Bond's Bats in Demand


      Barry’s at 708. 
      Baseball’s investigating, fans are booing and the Hall of Fame is begging.
     They want Barry Bonds’ home run bats, his uniforms, discarded syringes.

    Cooperstown wants history. They want the homerun 714 and 715 bats when it comes.
They want four bats from the 2001 season when Barry hit 73. They want a total of six of Barry’s bats…. So they can mount it on the wall in the shape of an asterisk.

    That takes guts, to ask for Barry’s things. More than one baseball memorabilia collector had asked Barry for one of his treasures and received instead up close and personal ‘roid rage for his trouble. It’s like trying to reason with a button-poppin’ Incredible Hulk right after Dr. David Banner was wearing Armani.

    Cooperstown has the bats of Sammy Sosa and Mark McGwire from their home run race of 1998. They’re displayed prominently in the “Andro Room.” Right next to the bathroom stall depiction of the pants-down Mark with Jose Conseco injecting his buttock fill of “homer juice.”
Parents who are purists will say, when the kids ask what’s going on here, “Oh, don’t worry, they’re just gay.”

    But Cooperstown pulls no punches. Whether the records stand or not, they’re still part of baseball history. And to ask Cooperstown not to display history, good or bad, would be like asking the Hall of Presidents to only display the busts of elected presidents, thus leaving Gerald Ford and George W. Bush out in the cold. You could do that but it would be wrong.

   Dale Petroskey, Hall of Fame president, says as much “We’ve got to address steroids in the Hall.” Now we guess trips to Cooperstown in 2010 will include a juiced wing: Let’s move into the simulated Senate Hearing Room where baseball stars wear suits, swear in and can’t remember taking steroids.  You’ll have Rafael Palmeiro uttering his famous “I’ve stuck so many things up my butt who can remember steroids.” Once again, kids will be tugging on daddy’s sleeve.
Last week’s scene at San Diego’s Petco Park will be available on film at the Hall. This is the one where fans are yelling at Barry things like “Asterisk,” “Steroids,” “Big head” and one fan throws a syringe at him. Others hold up signs reading “Barroid” and “Cheaters Never Prosper.” Barry will remark “You have to have some serious talent to get 53,000 booing you.”
Bonds Bats in Demand by Stan Silliman
   Some will argue that the Hall of Fame should be less historical and more memorial. They say if you’re going to bring drugs into the equation where records could have been enhanced if you place syringes and special creams next to the players of the 90s and early 21st century, then you’ll need to add whiskey bottles next to Babe Ruth and Mickey Mantle. You’ll have areas like the “Andro Period,” the “Balco Period” and then way back the “Boiled Liver Period.”

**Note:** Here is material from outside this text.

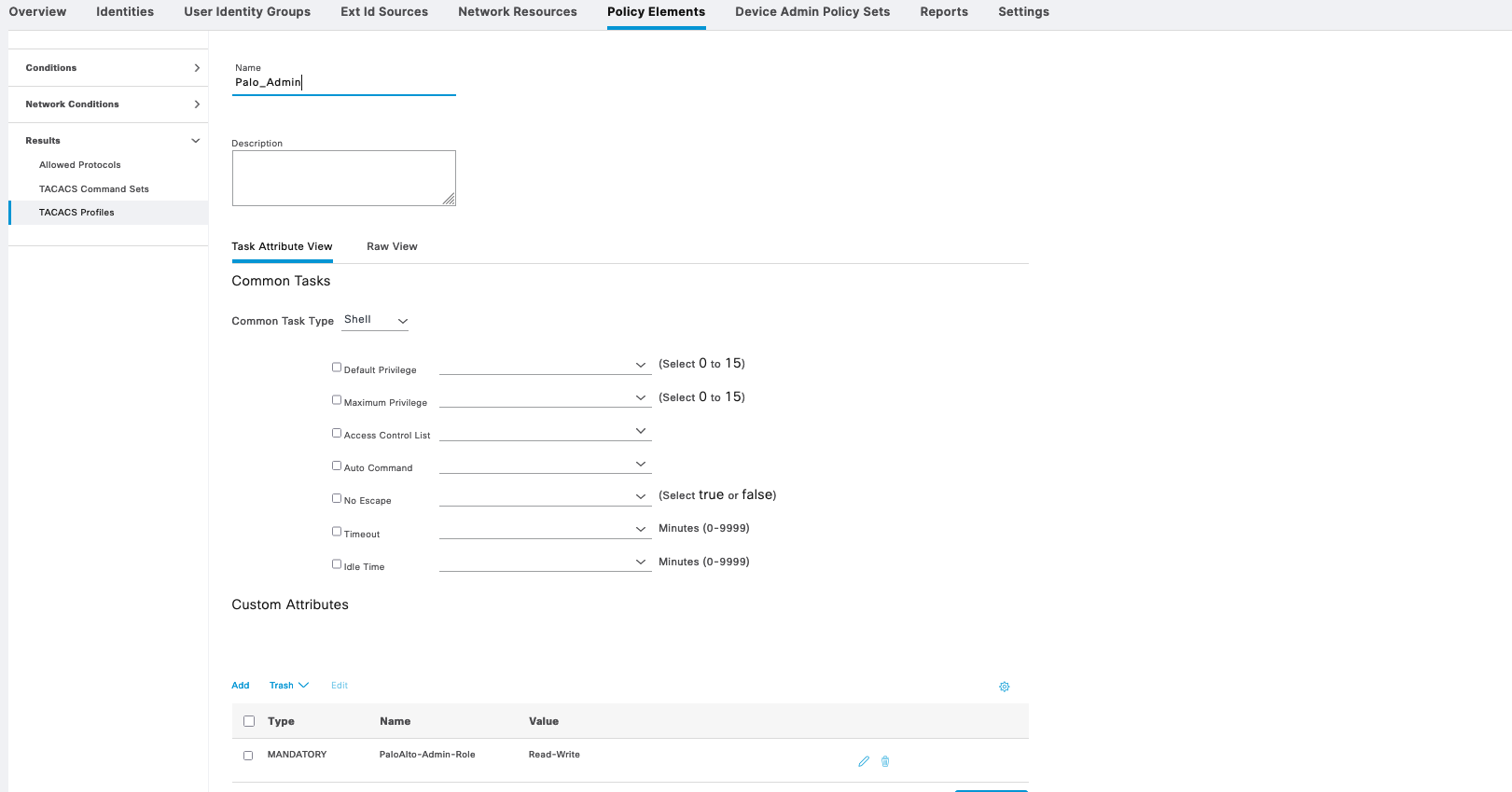 We also create 2 Tacacs Profiles with an attribute “PaloAlto-Admin-Role” and value of either “Read-Write” or “Read-Only”, following the value of created Admin Roles on Palo Alto

   The Hall will pull no punches. We wonder if there’ll be a “Cheater’s Room” where the ‘roid rangers line up with the spitball throwers and the bat corkers and the ball scuffers. It may become the most popular room. They’ll be all kinds of slogans on the wall including Conseco’s: “It’s not cheating if the drugs cleared your system.” Once again purists will answer their kids questions with “Oh, don’t worry, he was just a heroin addict.”